Le cœur technique de l'ouvrage consiste à démontrer que pour jouer le jeu de demander et donner des raisons, il ne faut que certaines attitudes et certains statuts, et que la description de leurs fonctions pragmatiques suffit à fournir les règles d'usage des opérations et des locutions discursives décisives pour le langage intentionnel, la pensée et l'action objectives. L'outil-clé: l'élucidation de la grammaire de l'intersubstituabilité des expressions (phrases ou termes sub-phrastiques), laquelle substituabilité préserve leur valeur inférentielle (dans la substitutions des assertions), ou leur fonction pour l'inférence (dans la substitution de sous-parties de l'assertion). Non plus la décitation, mais l'anaphore.

Au total, représentation et intention ne sont plus que des termes à valeur sémantique, et non plus des formats épistémiques-cognitifs, ni des facteurs causaux de l'agir. Brandom face à Rorty et Davidson.

C/ Perspectives hégéliennes: A Spirit of Trust

1. Contre le kantisme effarouché de McDowell. Le problème de l'objectivité "en soi", en tant qu'elle n'est justement pas l'objectivité "pour moi", question centrale de l'idéalisme post-kantien, mais aussi de tout pragmatisme. En quoi la pratique sociale de l'assertion permet d'y répondre.

Le choix d'une version faible du concept hégélien d'expérience (Erfahrung), en termes d'essais et erreurs. Connexion avec l'épistémologie de Dewey.
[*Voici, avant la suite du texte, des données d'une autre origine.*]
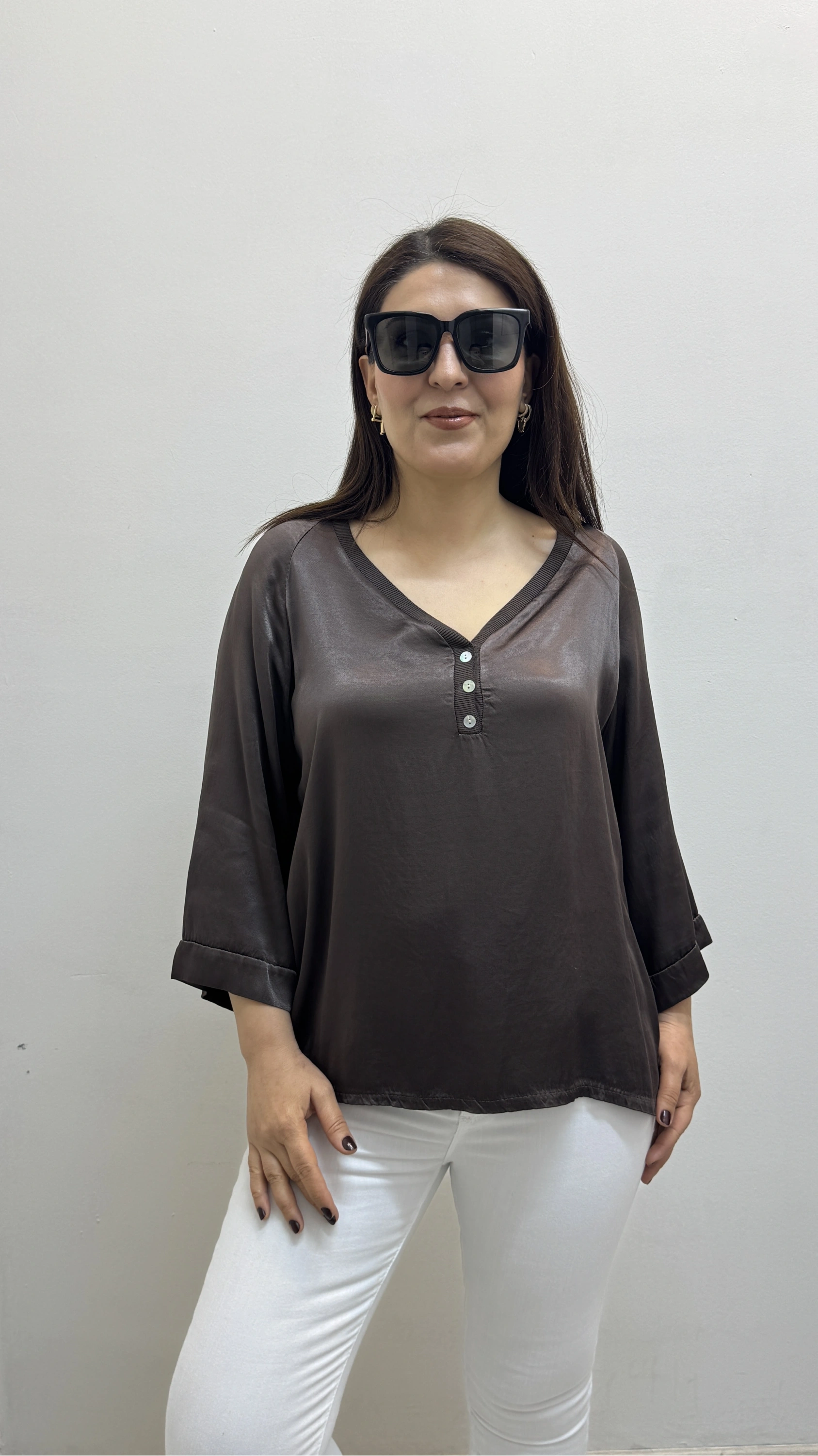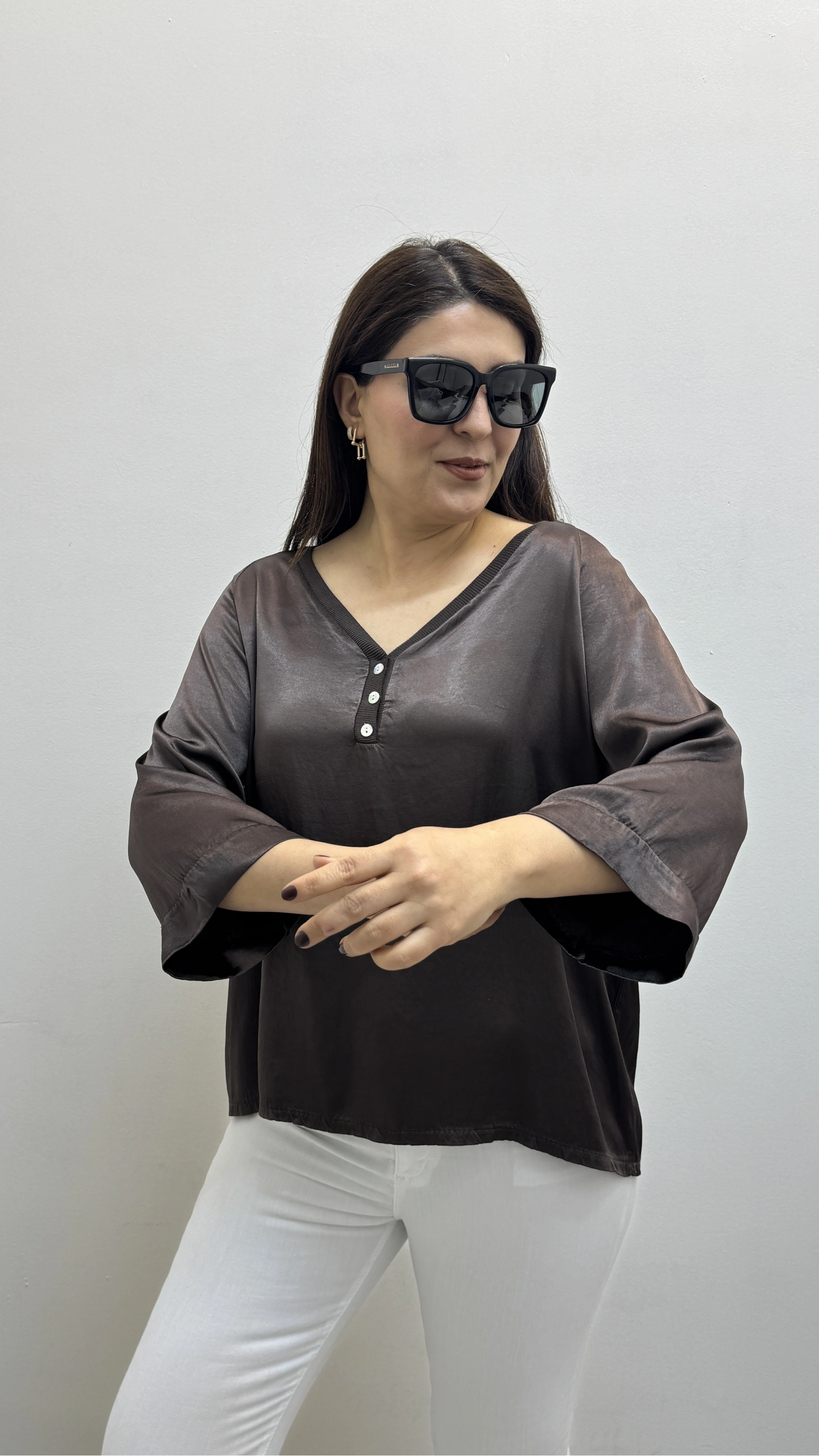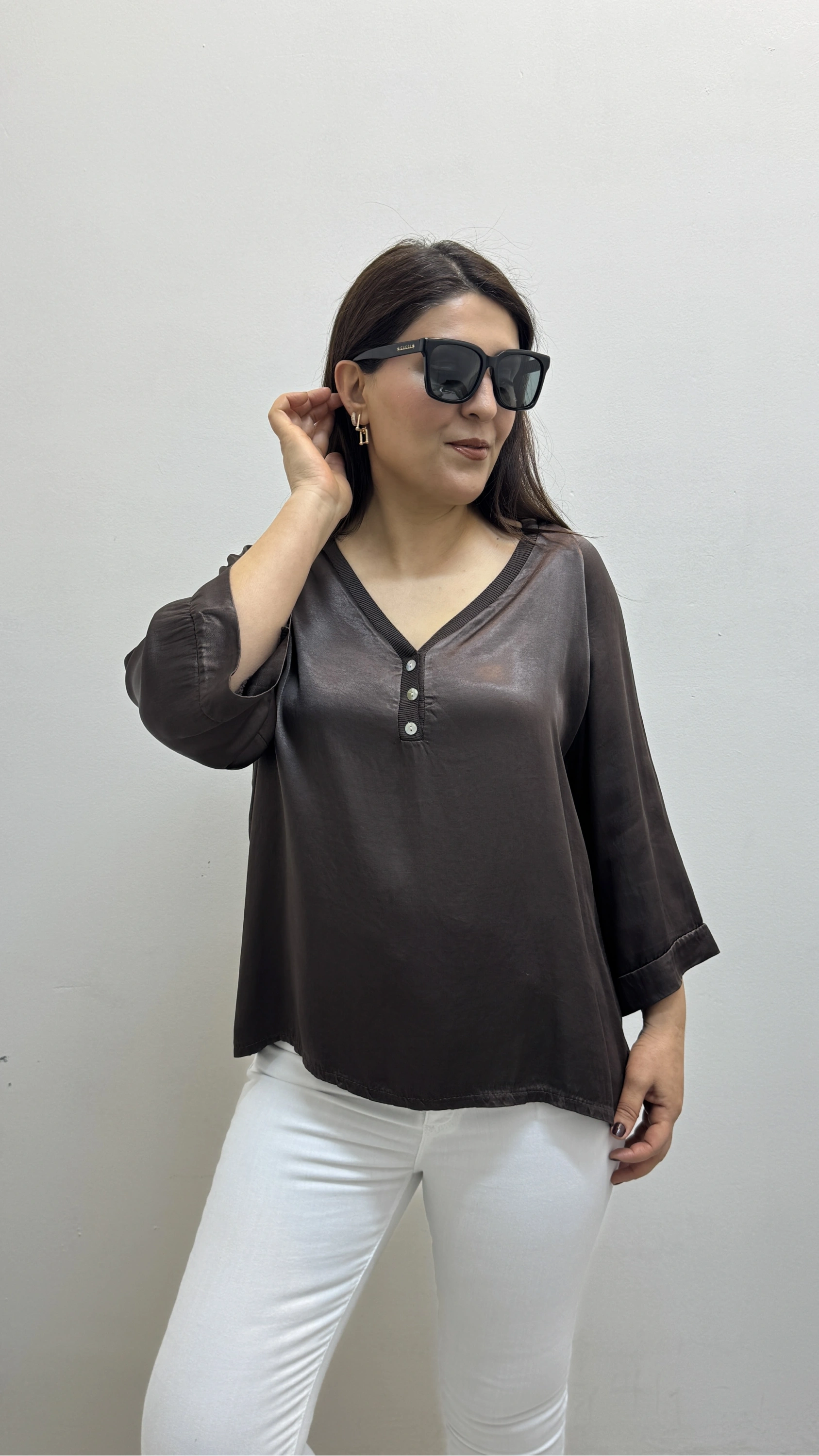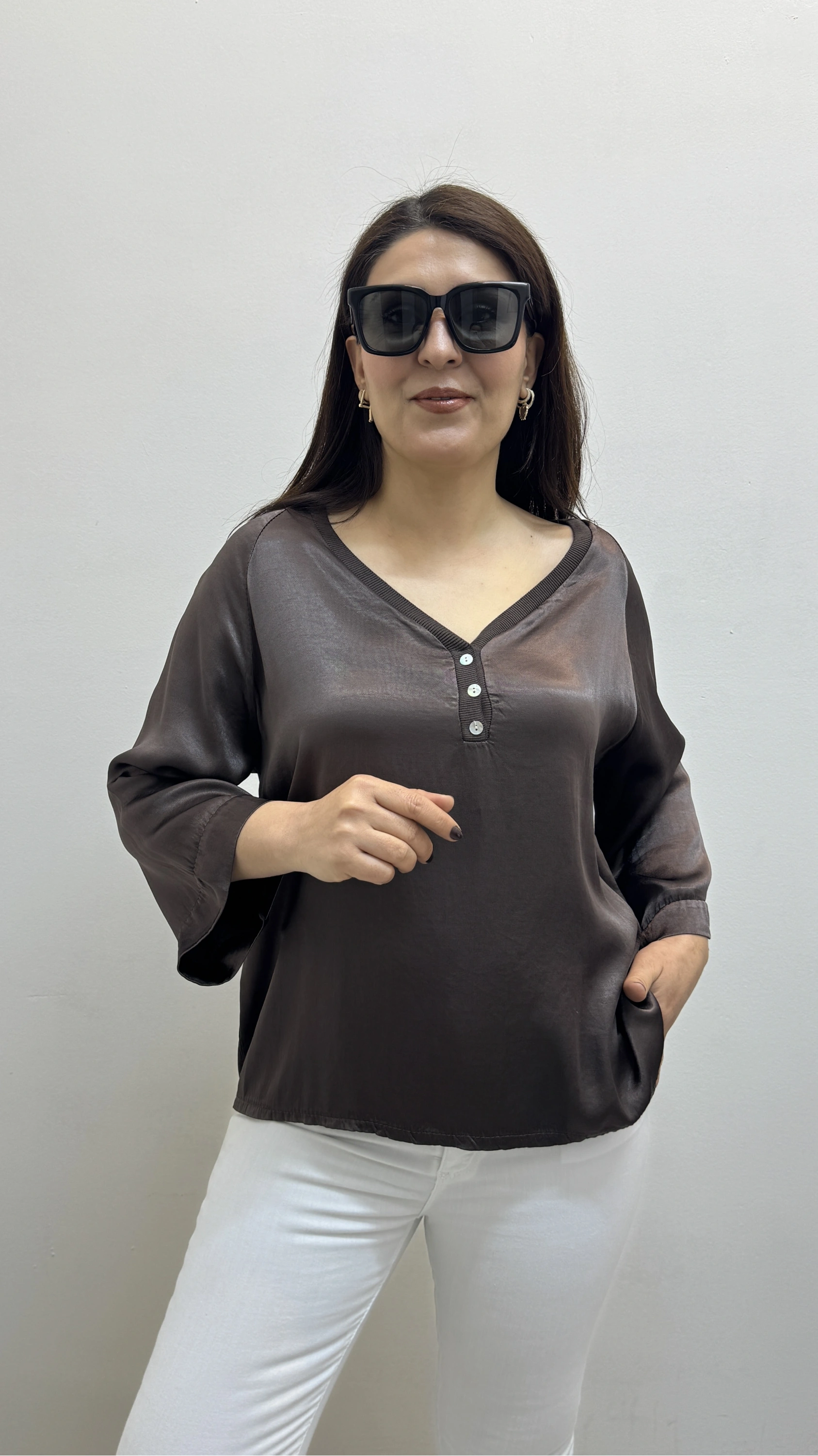 V Yaka Düğme Detaylı Kahverengi Saten İthal Bluz

Les deux problèmes qui se posent alors:

  • Comment ajuster la dépendance des statuts par rapport aux attitudes (qui les reconnaissent et qui les instituent), et l'indépendance relative de l'autorité épistémique des faits (donc l'objectivité) à l'égard de ces mêmes attitudes?
  • Si le vrai ne peut pas être ce qui m'apparaît juste être vrai, en revanche, si elle ne me semble pas d'abord être vraie, il n'y a pas de sens à vérifier une assertion.

2. Le réalisme modal, dernier mot de la conception brandomienne de l'assertion-inférence.

Idéalisme transcendantal et réalisme empirique, idéalisme objectif et réalisme modal. L'importance décisive de la modalité nécessaire des lois (Sellars: tout concept est comme "gros" d'une loi).

Les modalités déontiques (selon la nécessité de la règle conceptuelle), et leur vis-à-vis, les modalités aléthiques (le compatible et l'incompatible, le matériellement dérivable). Une analogie avec l'identité du sujet et la substance chez Hegel.

3. Le processus infini et asymptotique de la véri-fication sociale du contenu conceptuel de l'assertion-inférence.

Le processus de la confrontation des perspectives est équivalent à la "lutte pour la reconnaissance" en vue de l'autorité épistémique; il a lieu dans le temps historique. Brandom et l'histoire conceptuelle "whiggish": épistémologiquement, c'est un pauvre minimum, mais sémantiquement, c'est un paradigme indépassable.

Retournement final: de la normativité intrinsèque de l'assertion-inférence, jeu de langage absolument privilégié de la philosophie, à une norme philosophique pour toute rationalité réflexive en général, du point de vue pragmatiste. Confiance et magnanimité.

Contre le kantisme crispé de Habermas dans la Théorie de l'agir communicationnel. Brandom apporte de quoi surmonter autrement la critique du processus de rationalisation-bureaucratisation de la réflexivité moderne. Sa sémantique donne à concevoir une finalisation plus large du mouvement de la rationalité moderne (soit de ce qui s'opacifie et s'aliène ensuite comme rationalisation).